All through the process of checking in Kyle cursed himself for laughing at the voodoo ritual his friend had suggested and wondered if he was about to punished for misdeeds in past lives. By the time he was sitting in the car waiting for his tester to join him he’d been reduced to a chant of “Please don’t let it be her, please don’t let it be her” as he clasped his hands so tight he lost circulation to his fingers after a minute. When the passenger’s side door opened he jumped so high he hit his head on the ceiling.

He looked over to find none other the scourge of the DMV sitting next to him, clipboard in hand and scowl casting a gloom over the interior of the car. His dream of surviving this day seemed to shatter before him, the shards flashing visions of cursing around town with his friends or bragging to the bully in gym class before falling from view.

“Kyle Forrester?” she asked, scanning her clipboard.

“Ye-yes? I mean, yes, that’s me.” He squeaked.

“My name is Mrs. Albertson. I’ll be giving you your test today. Have you adjusted the mirrors to your field of vision?”

“Uh- yes. I mean, uh- no, no, I should do that. “ He fiddled with the rearview mirror trying to get to show a future where he had his license and failing to see anything other than the parking lot behind me. He opened the window and tried to adjust the side view only to find that he couldn’t get to move. His struggle was interrupted by a throat clearing on the other side of the car.

“I think you have to use that little knob over there. The one with the arrows drawn around it?” She pointed to a small knob just inside the window.

He grabbed it and pushed it around, trying to see as far behind him on the side as possible. He cursed his parents for not buying one of those new cars that bragged of blind-spot proof rear-view mirrors.

“Are you ready, son?” she asked.

“Um, yes- yes.” He sighed.

“Start the ignition.” He turned the key and the engine turned to life. ACDC’s “Big Balls” blared through the speaker. Kyle jumped and reached over to turn it off.

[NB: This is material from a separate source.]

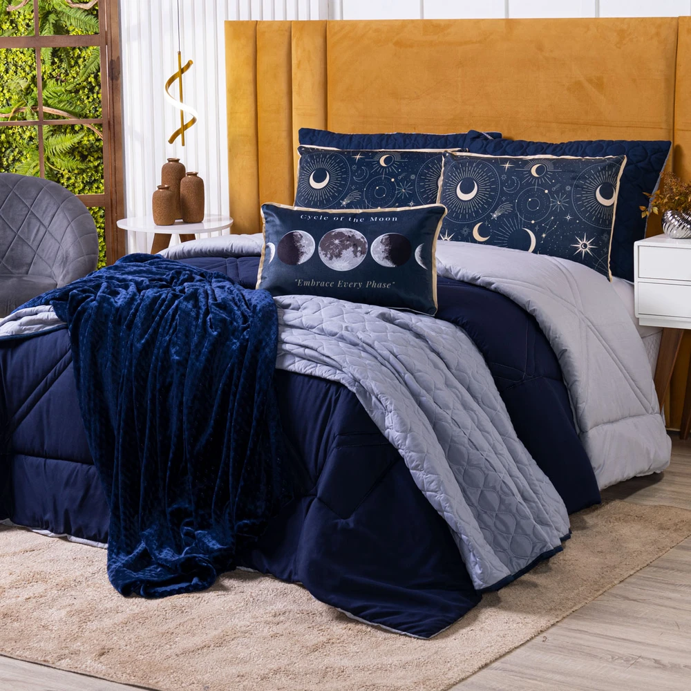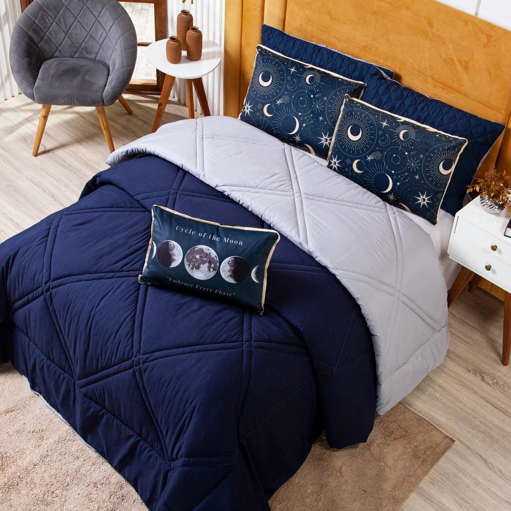 Transforme seu quarto em um verdadeiro universo de conforto e estilo com o Kit Edredom Astros. Confeccionado em Percal de 300 fios, possui toque acetinado, super macio e aconchegante, garantindo noites de sono mais tranquilas. O kit é totalmente temático, trazendo estampas inspiradas em luas, fases da lua, astros e elementos de astronomia, perfeito para quem ama o encanto do espaço sideral. O edredom dupla face conta com costura desenhada em linha feita em máquina pantográfica computadorizada, que adiciona elegância e sofisticação ao acabamento. Já os porta-travesseiros possuem detalhes em debrum e viés, reforçando a delicadeza do conjunto. A almofada retangular estampada complementa a composição, trazendo um charme extra para a decoração. Confira!

“No, wait.” She said as she stopped his hand. Kyle watched as, miraculously, a small twitch started in the left hand corner of her mouth and spread, ever so slowly into a smile. She slowly bopped her head along to the music as the chorus played. At the same time Kyle felt an indescribable sensation start in his chest and go up to his shoulders as the weight of the world slowly lifted and breathed out a breathed fully for the first time in a month.

“Now then,” she said, “feeling a little more prepared to drive?”

“Yes, ma’am,” he smiled.

Although her legend would always precede her, Kyle never repeated the stories.